In the TRAB’s words:
“[t]he aforementioned word trademarks are all non-vernacular words, and it is difficult to believe that the respondent has registered these words, that are similar or identical to well-known trademarks owned by others, purely by coincidence. Based on the evidence submitted by the applicant (Michael Bastian) and this board’s review, it is difficult for this board to believe that the respondent’s (Shen Dian) simultaneous registrations of several trademarks that are similar to trademarks owned by others were made in good faith.”
It is interesting to note that, shortly after the amended Trademark Law came into force on May 1 2014, the Supreme People’s Court of China released the Draft Provisions of the Supreme People's Court on Several Issues concerning the Hearing of Administrative Cases on Granting and Affirming Trademark-Related Rights for public comments on October 14 2014. Although the document only serves as a working draft, the draft provisions were well received by practitioners and brand owners due to its focus on bad-faith trademark applications and registrations. In particular, Article 3 of the draft provisions deals with the issue of large-scale trademark squatting:
“Where a trademark registrant applies to register a large number of trademarks that are identical or similar to others' relatively well-known trademarks or to relatively well-known location names, with an apparent lack of intention to use such trademarks, or applies for a large number of trademarks without justification, the competent people's court shall uphold the decision by the Trademark Review and Adjudication Board that such trademark applications shall not be approved or that the trademarks so registered by the registrant shall be declared invalid pursuant to Article 4 or Article 44 of the Trademark Law.”
While the Bastian Case may appear to be a simple application of the principle underlying Article 3 of the draft provisions, it also teaches us that the 'good-faith principle', as found in Article 7 of the amended Trademark Law, operates in conjunction with Article 44 of the law and, more importantly, demonstrates that all acts that are related to any contravention of the principle of good faith will be subject to scrutiny.

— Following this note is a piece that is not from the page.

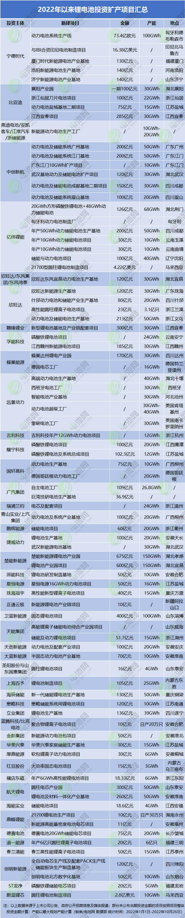 12月1日電池網公(gōng)布的數據顯示(shì),據不完全統計(ji),2022年以🔅來✌️,僅在锂(lǐ)電池生産制造(zao)領域,新公布的(de)投資擴産項目(mu)就多達84個,其中(zhōng)有69個公布投資(zī)金額,總金額超(chao)8427億元,平均單個(ge)項目投資額超(chao)🥵122億元;公布年産(chǎn)能的項目有68個(gè),總産能約🐪2038GWh。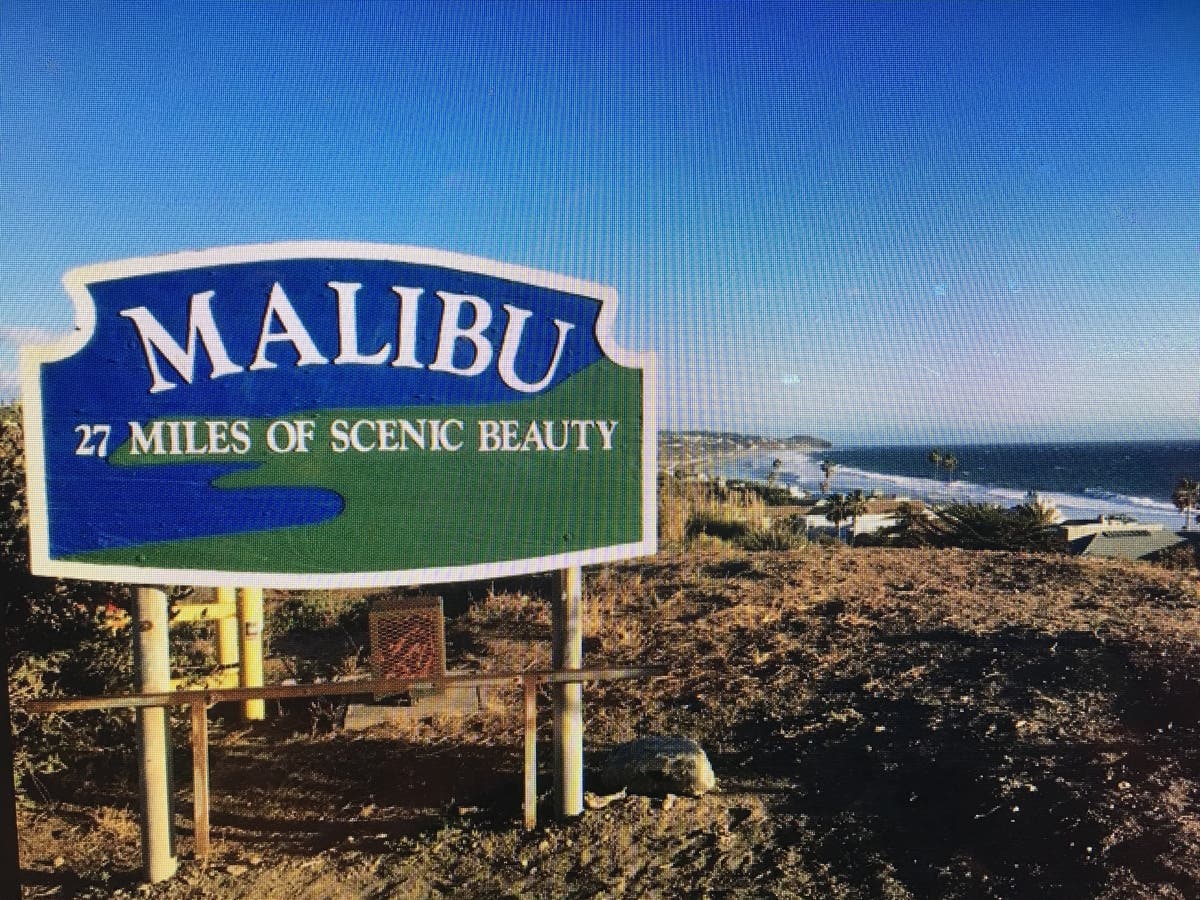 The sign says that Malibu has "27 miles of Scenic Beauty".

Although the MICHAEL BASTIAN mark may not have been used in Mainland China or known to the relevant public prior to the filing date of the 迈克巴士田 MICHAEL BASTIAN mark, the focus of the TRAB’s enquiry turned towards the actions of Shen Dian. The TRAB's conclusion that Shen Dian’s applications for hundreds of trademarks had been filed in bad faith was sufficient to prevent the registration of Shen Dian’s 迈克巴士田 MICHAEL BASTIAN mark.